### About this exercise
Where an entry contains a picture, omit the picture and repeat the rest exactly.

(Recorded data)
______

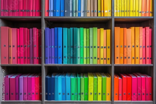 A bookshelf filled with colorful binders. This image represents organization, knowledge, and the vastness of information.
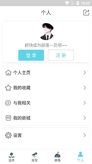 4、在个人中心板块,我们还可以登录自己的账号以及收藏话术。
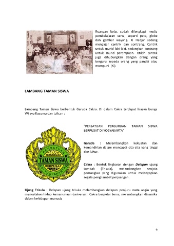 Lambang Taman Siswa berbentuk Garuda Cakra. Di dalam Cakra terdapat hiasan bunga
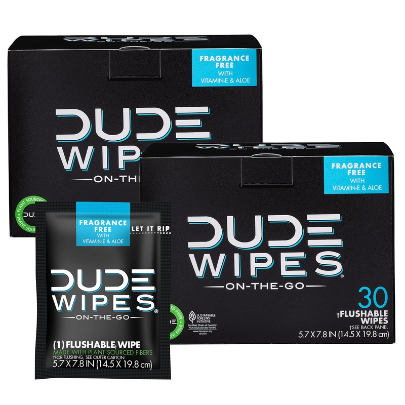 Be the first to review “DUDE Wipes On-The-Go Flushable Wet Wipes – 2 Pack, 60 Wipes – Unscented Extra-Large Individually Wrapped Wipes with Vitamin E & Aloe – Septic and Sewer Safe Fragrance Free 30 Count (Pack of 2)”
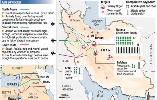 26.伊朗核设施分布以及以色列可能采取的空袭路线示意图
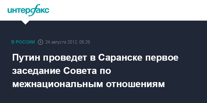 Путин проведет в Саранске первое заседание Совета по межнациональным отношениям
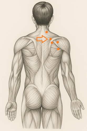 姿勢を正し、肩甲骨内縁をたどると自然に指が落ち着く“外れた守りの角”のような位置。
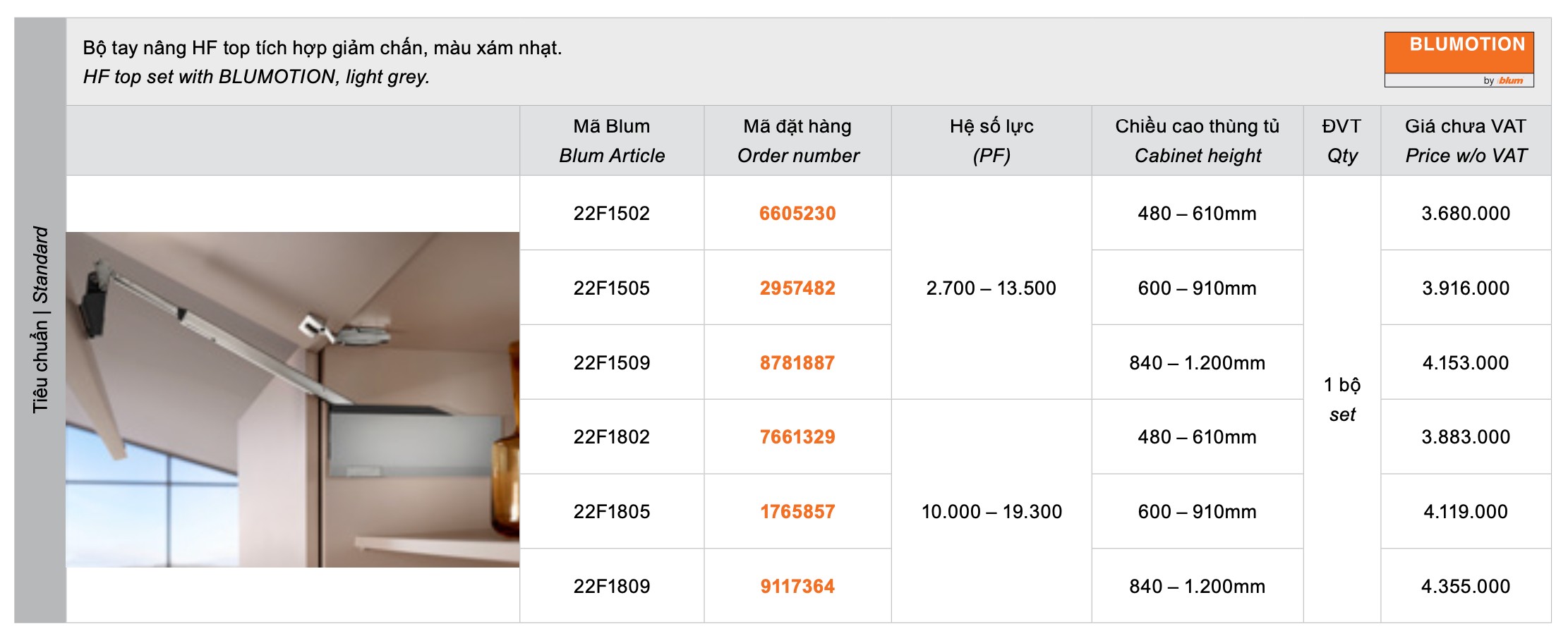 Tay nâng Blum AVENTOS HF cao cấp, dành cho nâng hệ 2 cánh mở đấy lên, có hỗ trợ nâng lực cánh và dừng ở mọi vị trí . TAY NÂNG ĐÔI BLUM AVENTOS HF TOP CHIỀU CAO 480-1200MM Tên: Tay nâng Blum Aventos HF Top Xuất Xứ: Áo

______

### Finished task
 A bookshelf filled with colorful binders. This image represents organization, knowledge, and the vastness of information.
 4、在个人中心板块,我们还可以登录自己的账号以及收藏话术。
 Lambang Taman Siswa berbentuk Garuda Cakra. Di dalam Cakra terdapat hiasan bunga
 Be the first to review “DUDE Wipes On-The-Go Flushable Wet Wipes – 2 Pack, 60 Wipes – Unscented Extra-Large Individually Wrapped Wipes with Vitamin E & Aloe – Septic and Sewer Safe Fragrance Free 30 Count (Pack of 2)”
 26.伊朗核设施分布以及以色列可能采取的空袭路线示意图
 Путин проведет в Саранске первое заседание Совета по межнациональным отношениям
 姿勢を正し、肩甲骨内縁をたどると自然に指が落ち着く“外れた守りの角”のような位置。
 Tay nâng Blum AVENTOS HF cao cấp, dành cho nâng hệ 2 cánh mở đấy lên, có hỗ trợ nâng lực cánh và dừng ở mọi vị trí . TAY NÂNG ĐÔI BLUM AVENTOS HF TOP CHIỀU CAO 480-1200MM Tên: Tay nâng Blum Aventos HF Top Xuất Xứ: Áo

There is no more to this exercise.